2.2.1 Action Catalog (Key ADR Actions)

Action ID	ADR	Cost (days)	Preconditions	Effects	Hardware
`adr037_p1_person_count`	037	3	`sota_signal_processing`	`person_count_estimation = true`	None
`adr037_p2_nmf_decomp`	037	5	`person_count_estimation`	`signal_decomposition = true`	None
`adr037_p3_multi_skel`	037	4	`signal_decomposition`, `pose_tracker_17kp`	`multi_skeleton_generation = true`, `max_persons_tracked += 2`	None
`adr037_p4_neural_multi`	037	10	`signal_decomposition`, `aether_embeddings`, `gpu_available`	`multi_person_neural = true`, `pose_accuracy_pck02 = 0.6`	GPU
`adr021_vital_core`	021	3	`sota_signal_processing`	`vital_signs_extraction = true`	None
`adr021_vital_esp32`	021	5	`vital_signs_extraction`, `esp32_connected`	`vital_signs_esp32_validated = true`, `breathing_snr_db = 10.0`	ESP32
`adr030_persist_field`	030	2	`ruvector_signal_integrated`	`persistent_field_model = true`	None
`adr022_p2_concurrent`	022	4	`multi_bssid_scan`, `wifi_adapter_present`	`multi_bssid_concurrent = true`	WiFi adapter
`adr029_p1_ch_hop`	029	5	`esp32_firmware_base`, `esp32_connected`	`esp32_channel_hopping = true`	ESP32
`adr029_p2_multiband`	029	5	`esp32_channel_hopping`	`multi_band_fusion = true`	ESP32
`adr029_p3_multistatic`	029	5	`multi_band_fusion`, `esp32_multistatic_ready`	`multistatic_mesh = true`	2+ ESP32
`adr029_p67_coherence`	029	3	`multi_band_fusion`	`coherence_gating = true`	None
`adr029_p4_tracker`	029	3	`multistatic_mesh`, `coherence_gating`	`pose_tracker_17kp = true`, `torso_jitter_mm = 30.0`	None
`adr024_aether_train`	024	8	`sota_signal_processing`, `gpu_available`	`aether_embeddings = true`	GPU
`adr024_aether_reid`	024	4	`aether_embeddings`, `pose_tracker_17kp`	`aether_reid = true`	None
`adr027_meridian`	027	10	`aether_embeddings`, `gpu_available`	`meridian_generalization = true`	GPU
`adr025_wasm`	025	5	`sota_signal_processing`	`wasm_deployment = true`	None
`adr011_mat`	011	8	`vital_signs_extraction`, `person_count_estimation`	`mat_survivor_detection = true`	None
`adr031_ruview`	031	4	`persistent_field_model`, `coherence_gating`	`ruview_sensing_ui = true`	None
`adr032_mesh_security`	032	5	`multistatic_mesh`	`mesh_security_hardened = true`	None

2.3 Goal Specification

Goals are expressed as partial world states -- a set of conditions that must be satisfied.

pub struct Goal {
    /// Human-readable description
    pub description: String,
    /// Conditions that define success
    pub conditions: Vec<Condition>,
    /// Priority weight (higher = more important when competing)
    pub priority: f32,
}

Predefined goal templates:

Goal	Conditions	Typical Plan Length
Multi-person tracking	`multi_skeleton_generation = true`, `max_persons_tracked >= 3`	4-6 actions
Vital sign monitoring	`vital_signs_esp32_validated = true`, `breathing_snr_db >= 10`	2-3 actions
Production accuracy	`pose_accuracy_pck02 >= 0.6`, `torso_jitter_mm <= 30`	5-8 actions
Browser deployment	`wasm_deployment = true`	1-2 actions
Disaster response (MAT)	`mat_survivor_detection = true`, `multi_skeleton_generation = true`	5-7 actions
Full multistatic mesh	`multistatic_mesh = true`, `coherence_gating = true`, `pose_tracker_17kp = true`	5-7 actions
Cross-environment robustness	`meridian_generalization = true`	3-5 actions

2.4 Sublinear Planning Algorithm

The planner avoids exhaustive A* search over the full state space using three techniques.
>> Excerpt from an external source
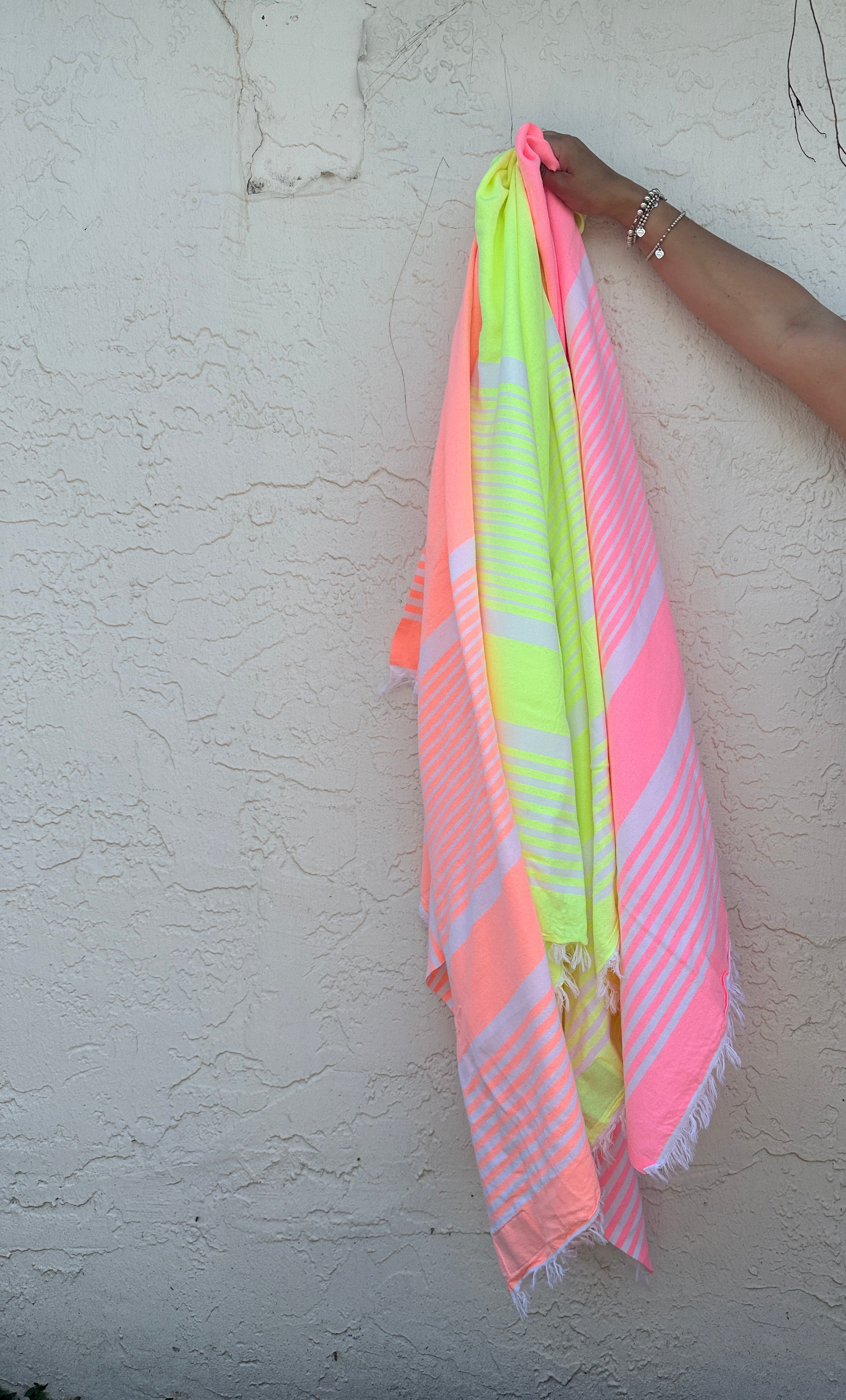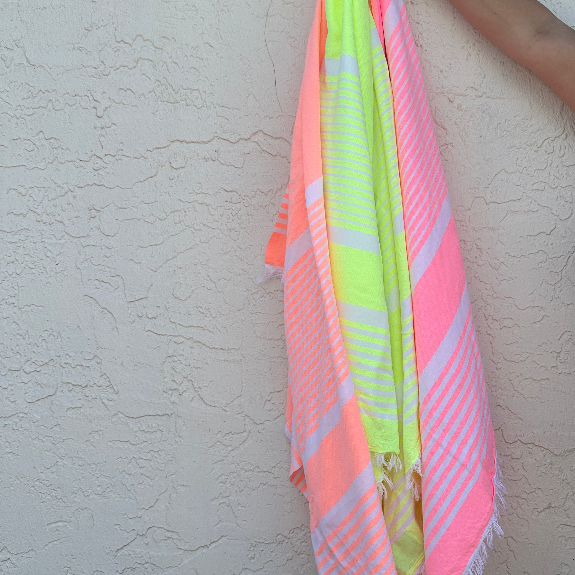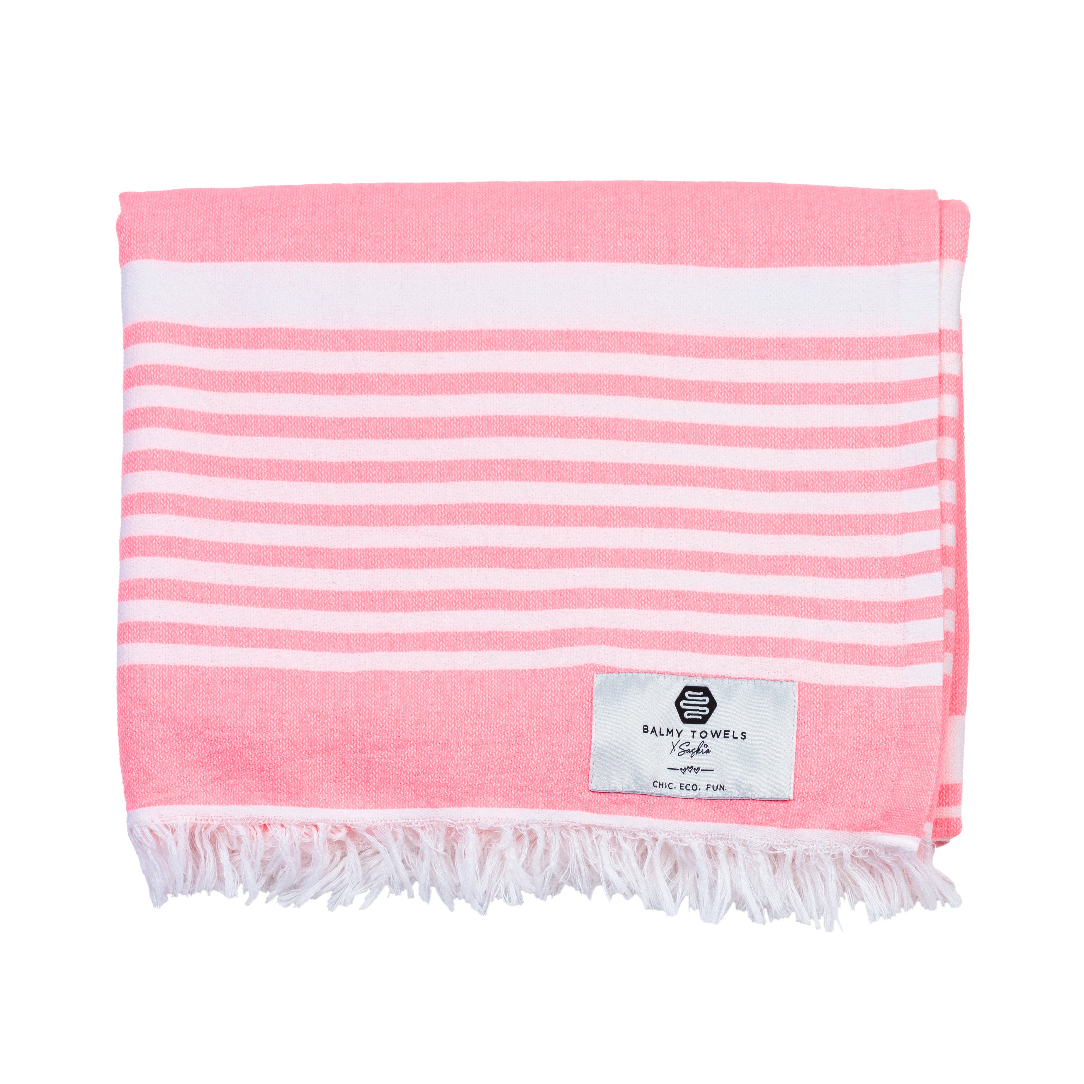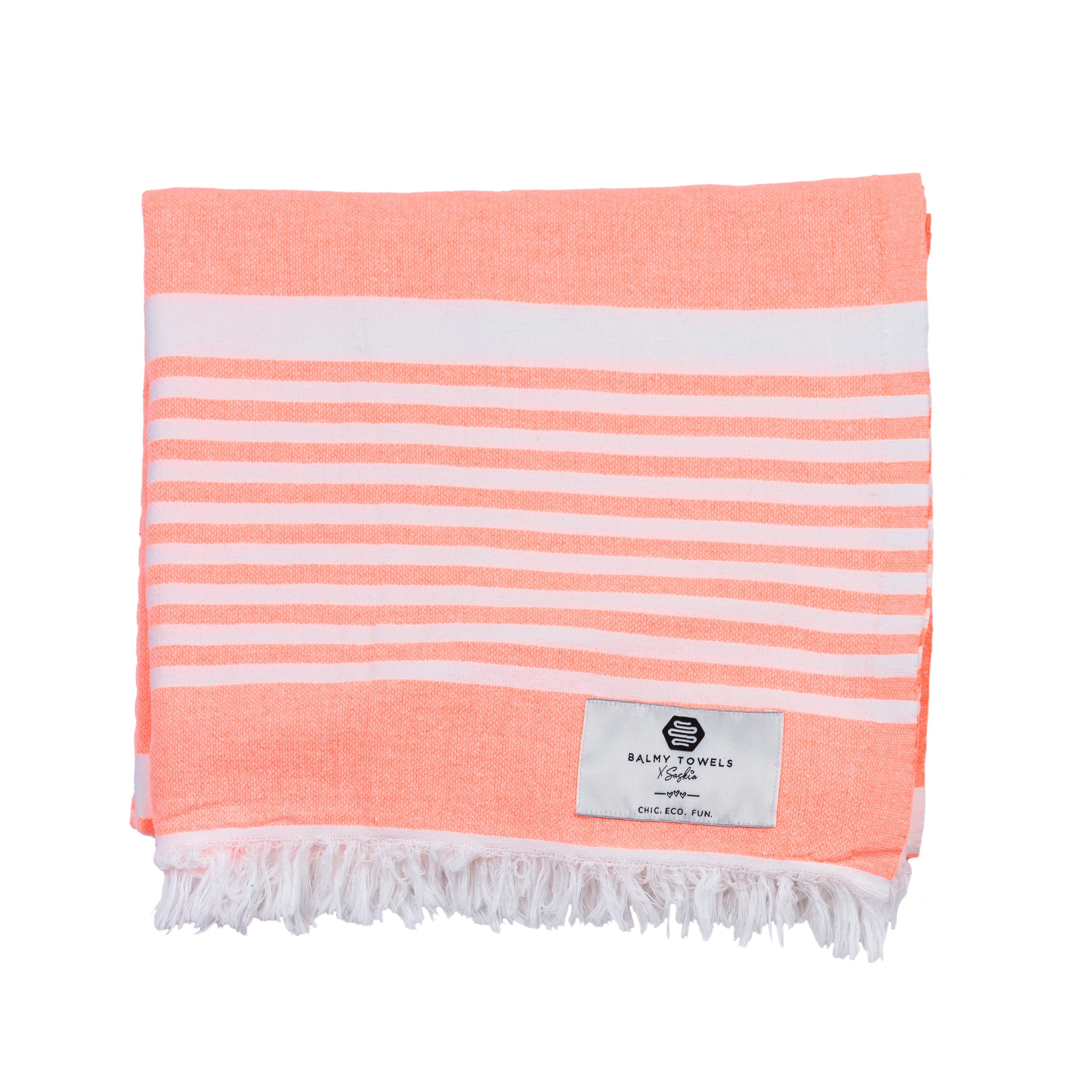 Serviette Bonbon – coton recyclé, couleurs corail, lime et rose, légère & écoresponsable

2.4.1 Backward Relevance Pruning

Before search begins, identify which actions are relevant to the goal using backward chaining:

function relevantActions(goal, allActions):
    relevant = {}
    frontier = {conditions in goal that are not satisfied}

    while frontier is not empty:
        pick condition C from frontier
        for each action A in allActions:
            if A.effects satisfies C:
                relevant.add(A)
                for each precondition P of A:
                    if P is not satisfied in current state:
                        frontier.add(P)

    return relevant

This typically reduces the action set from ~80 to 5-15 for a specific goal. The search then operates only on relevant actions.

Complexity: O(G * A) where G is the number of unsatisfied goal/precondition properties and A is the total action count. Since G << 2^N and A is fixed at ~80, this is constant-time relative to the state space.

2.4.2 Hierarchical Decomposition

Actions are organized into three tiers based on the ADR dependency structure:

Tier 0 (Foundation):  ADR-014, ADR-016, ADR-018
    No internal prerequisites. Always satisfiable.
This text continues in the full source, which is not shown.